TV advertising to seed an online experience

I was at an IAB Auto’s conference and heard a great talk by a copy man writing for Mercedes – He went on to talk about the traditional marketing split especially around new car launches – which is to spend most of the budget on TV which is designed to blanket bomb as wider audience as possible, with the idea of hitting a few targets. And spend any remaining budget on PR to prolong the ad campaign. You can get a reasonable estimate of the number TV miss by looking at the adoption of TiVo’s ad disabler.

Add to this the diminishing numbers of eyeballs for television compared to that of online, and you may be thinking I’m about to point out the bleeding obvious.

But, I’m not really interested in the move from TV to online.
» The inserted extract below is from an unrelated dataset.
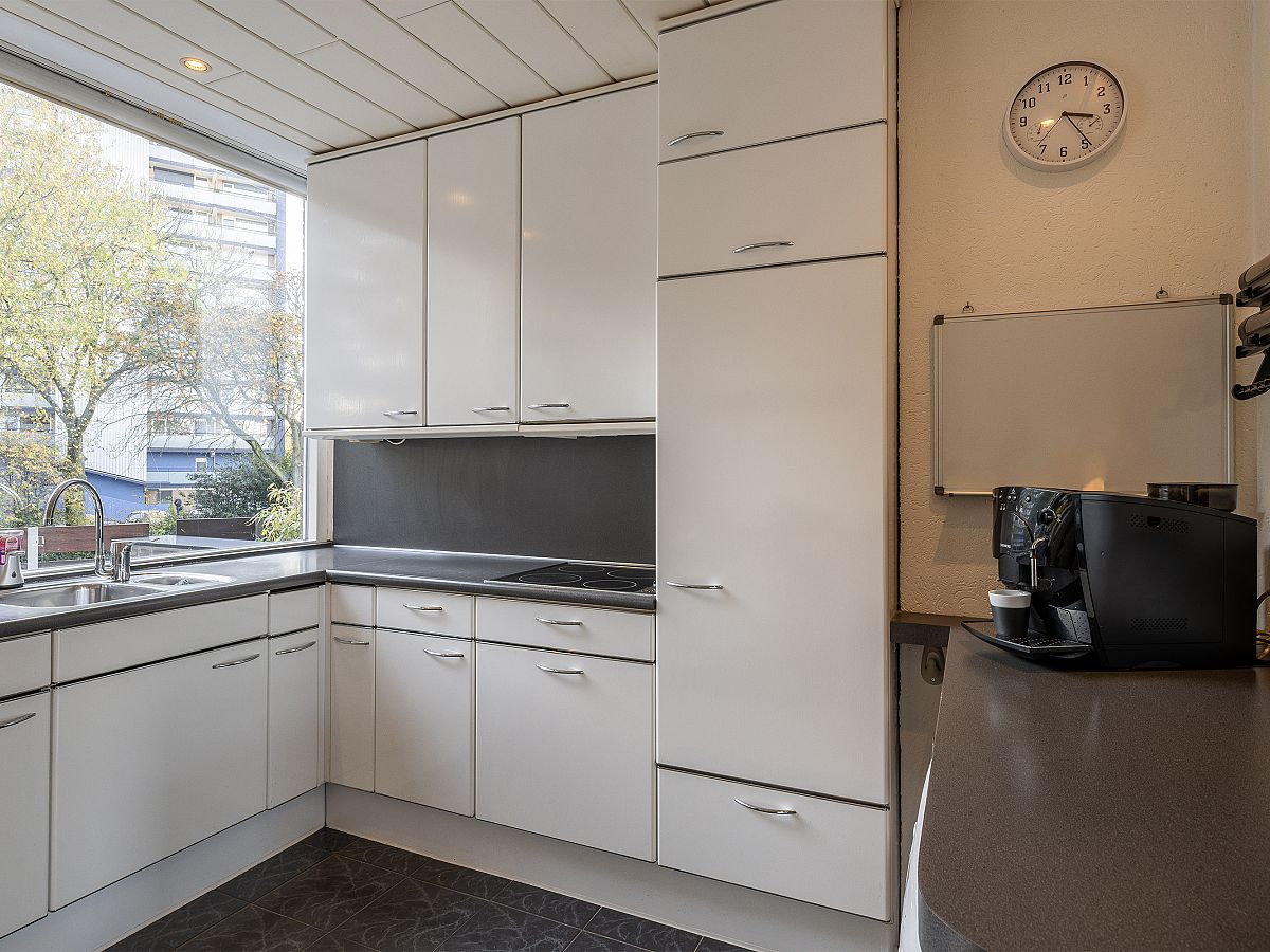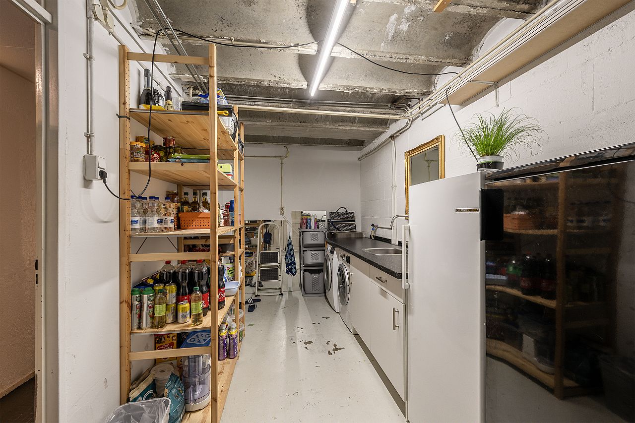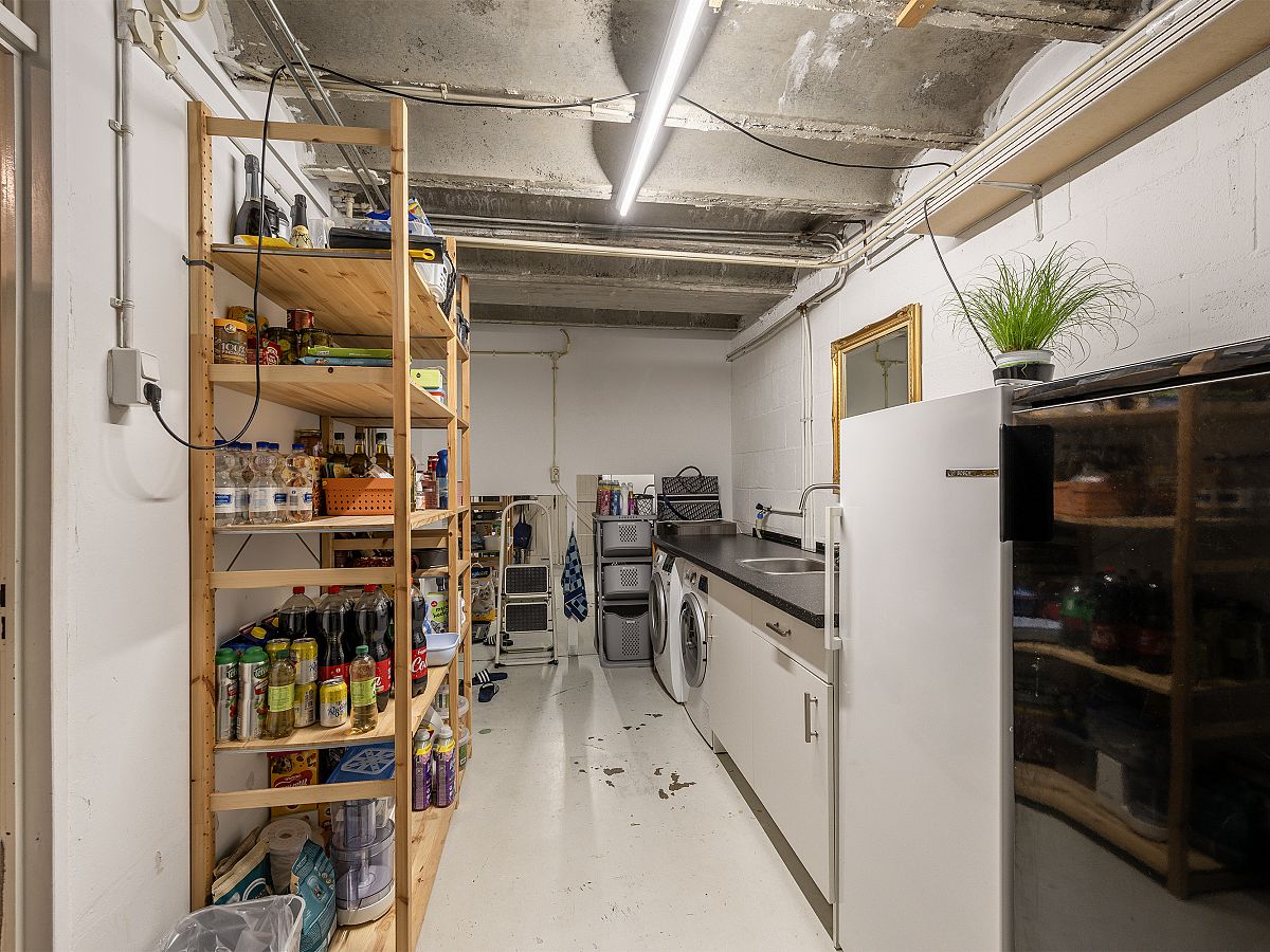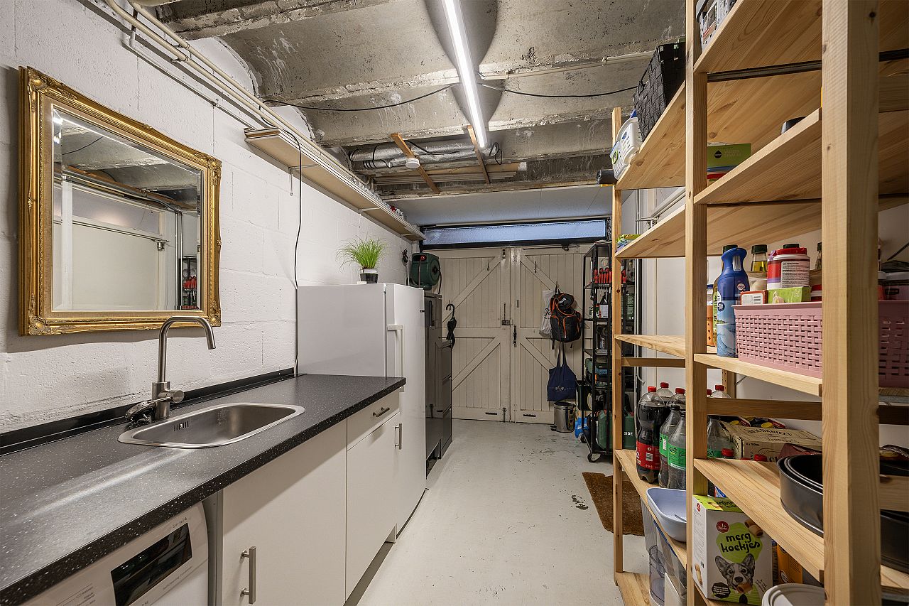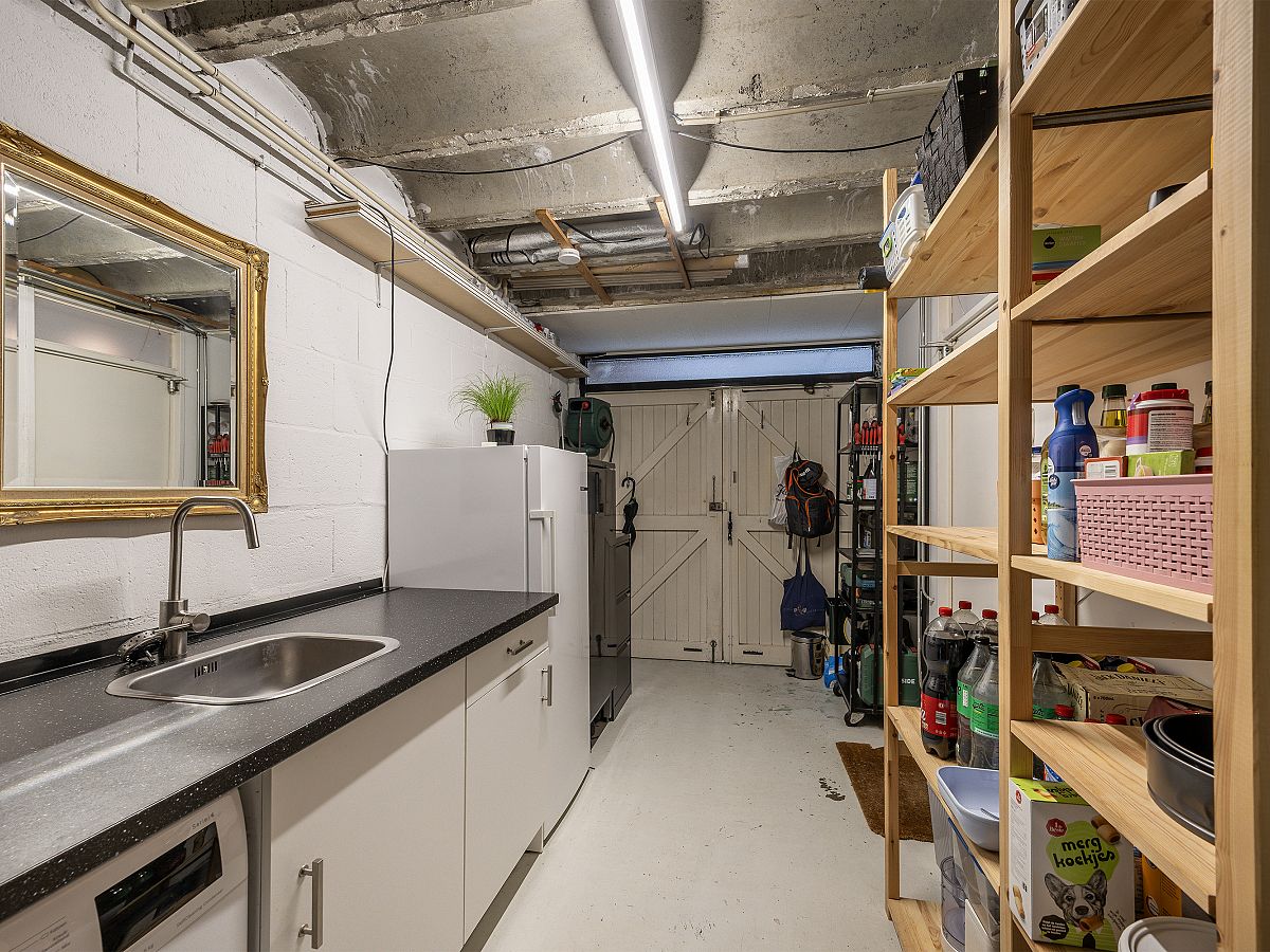Garage met openslaande deuren naar de oprit. In de garage is de aansluiting voor de wasmachine en droger. Bovendien staat hier een extra keukenblok.

Well I am, but, this conversation is already maturing and the data is all there for everyone to see.

I’m more interested in how TV could be used to seed an online experience- a push pull approach that’s more effective and makes much more economic sense.

Returning back to my short pseudo scientific study of the Kevin Bacon YouTube phenomenon [YouTube has since removed that video], where Graham Norton’s TV program increased the number of views for that particular Kevin Bacon video by 600+ overnight - and then WOM increased it by another 30,00 views over the following week – it was clear that the diffusion of the information through online and offline WOM plaid the bigger role in spreading the video. But, TV definitely plaid its part in getting the ball rolling.

More importantly this was not an expensive TV ad, but a mention on a TV program which was targeted at an audience that was more likely to find it funny and have friends who also shared their sense of humour.

If we translate this to TV advertising – let’s not spend all the marketing budget on the TV ad experience, which most people are not going to see it and out of those that do, few will act on it. Instead use TV as a cheap trigger to a more satisfying online experience. Kind of make TV not the main course which is a very expensive main course, but a targeted entrée – that’s cheaper to produce and aired on a cheaper slot which is more focussed to an audience that’s more likely to watch it and spread the message.

Spend the lion’s share of the budget on hte product and creating a useful engaging online experience which is more likely to spread and gain attention for a longer period.